What is this boost/C++ bullshit? I actually don't know a good reason why this would show up in non-malware. Seriously, if anyone knows, email or tweet me.
Hopefully I'll write a blog post on the update process soon but for now, I couldn't live with myself if I let this live in the decompiler. Let's squash this.
Identifying the Problem
Let's take a look at the assembly that generated our garbage stack string:
This is made a little harder to read by way of galaxy-brained Ghidra renaming registers so let's go through it step by step.
Allocate the string
>mov edi, 0x30 ; allocate 0x30 bytes call operator.new mov qword ptr [rbp - 0xf0], rax ; store the pointer to the buffer at rbp - 0xf0
Some C++ bullshit
The next two instructions move two quadwords onto the stack just before our buffer pointer. I assume this has to deal with some sort of class member initialization for
std::string but I'm not sure. I really, really hate C++ reverse engineering. Again, if anyone knows, let me know.
Create the string
>mov rcx, <packed chars> mov qword ptr [rax + offset], rcx
This repeats several times until we finally write the null terminator:
>mov byte ptr [rax + offset], 0x0
Now, we could write some instruction regex's and that would be all good and well, but looking at other stack strings in the function, there are some peculiarities that make this difficult.
For example, some of the stack strings are actually stack strings, that is they're built on the stack:
Therefore, we'll want to be handle to handle multiple pointer registers. In addition, in the above example, "RL." is moved as a double word, including the null-terminator, so we can't assume that a part of the string is all printable ASCII.

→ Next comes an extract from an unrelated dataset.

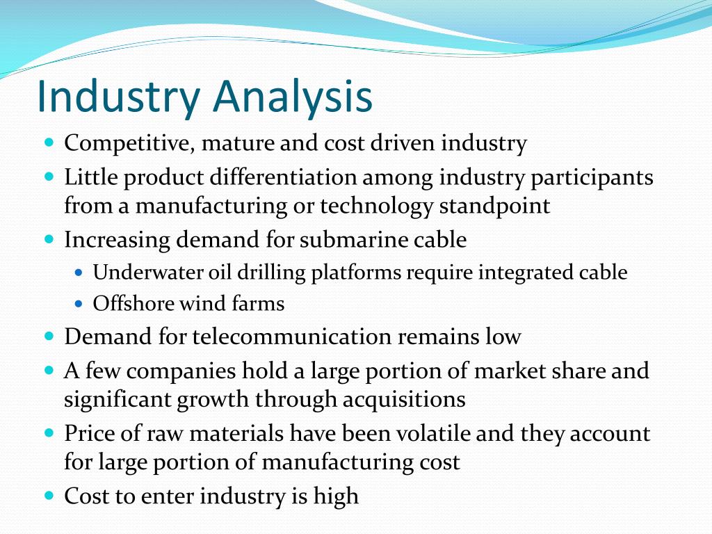 Industry Analysis • Competitive, mature and cost driven industry • Little product differentiation among industry participants from a manufacturing or technology standpoint • Increasing demand for submarine cable • Underwater oil drilling platforms require integrated cable • Offshore wind farms • Demand for telecommunication remains low • A few companies hold a large portion of market share and significant growth through acquisitions • Price of raw materials have been volatile and they account for large portion of manufacturing cost • Cost to enter industry is high

Now all this could probably be done with some complicated regexs, but who likes writing regexs? Let's have some fun with everyone's favorite IL, pcode! (Another advantage of using pcode is that the stack string detection bit is architecture-independent!)
A Gentle Introduction to Pcode
Pcode, Ghidra's IL, is a register transfer language. This means that operations like load, store, add, etc. all take their inputs/send their outputs to "registers". I say "registers" in quotes because they aren't aren't just the architecture's registers like RAX and RDI, but an abstraction for all of the machine's memory.

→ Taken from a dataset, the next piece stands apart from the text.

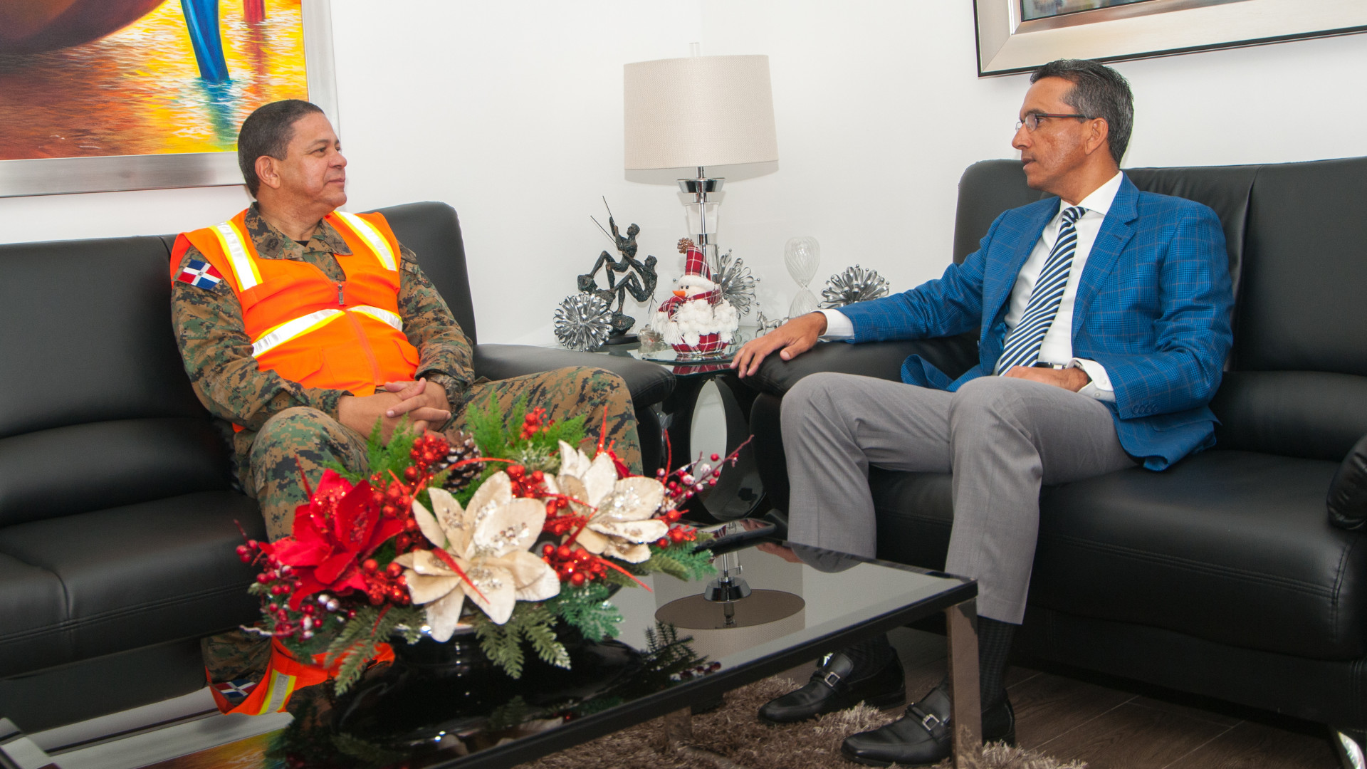 El viceministro de Producción y Desarrollo Comunitario del Ministerio Administrativo de la Presidencia, Juan Pumarol, con el director ejecutivo de la Defensa Civil, general Rafael Antonio Carrasco Paulino.

Since it's still important to know whether or not data is in a machine register or ram, each pcode memory location, known as a varnode, has an associated address space. This address space represents where the memory is located, like
ram for ram,
register for a machine register, or
const for an immediate value among others.

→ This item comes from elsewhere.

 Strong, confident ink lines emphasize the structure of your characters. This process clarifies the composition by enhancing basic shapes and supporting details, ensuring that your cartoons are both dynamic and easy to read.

Take a look at the official Ghidra docs for a better explanation.
Now that we kind of know what pcode is, let's look at the pcode for our stack string building instructions:
Let's deconstruct the two instructions pictured.
mov rax, "Invalid "
This instruction is translated into a single pcode COPY operation. COPY, as you might expect, copies the memory specified by the varnode on the rhs into the varnode on the lhs.
We now get a good look at how a varnode is represented. For example, the destination for the COPY, rax, is represented as:
(register, 0x0, 8)
This illustrates how each varnode is basically a 3-tuple composed of an
(address space, offset, size). For rax, it is a machine register, so it goes into the
register space. It is also the first register in Ghidra's processor definition (this is arbitrary) so it's offset is 0, and rax is a 64-bit register, so the size of the varnode is 8 bytes.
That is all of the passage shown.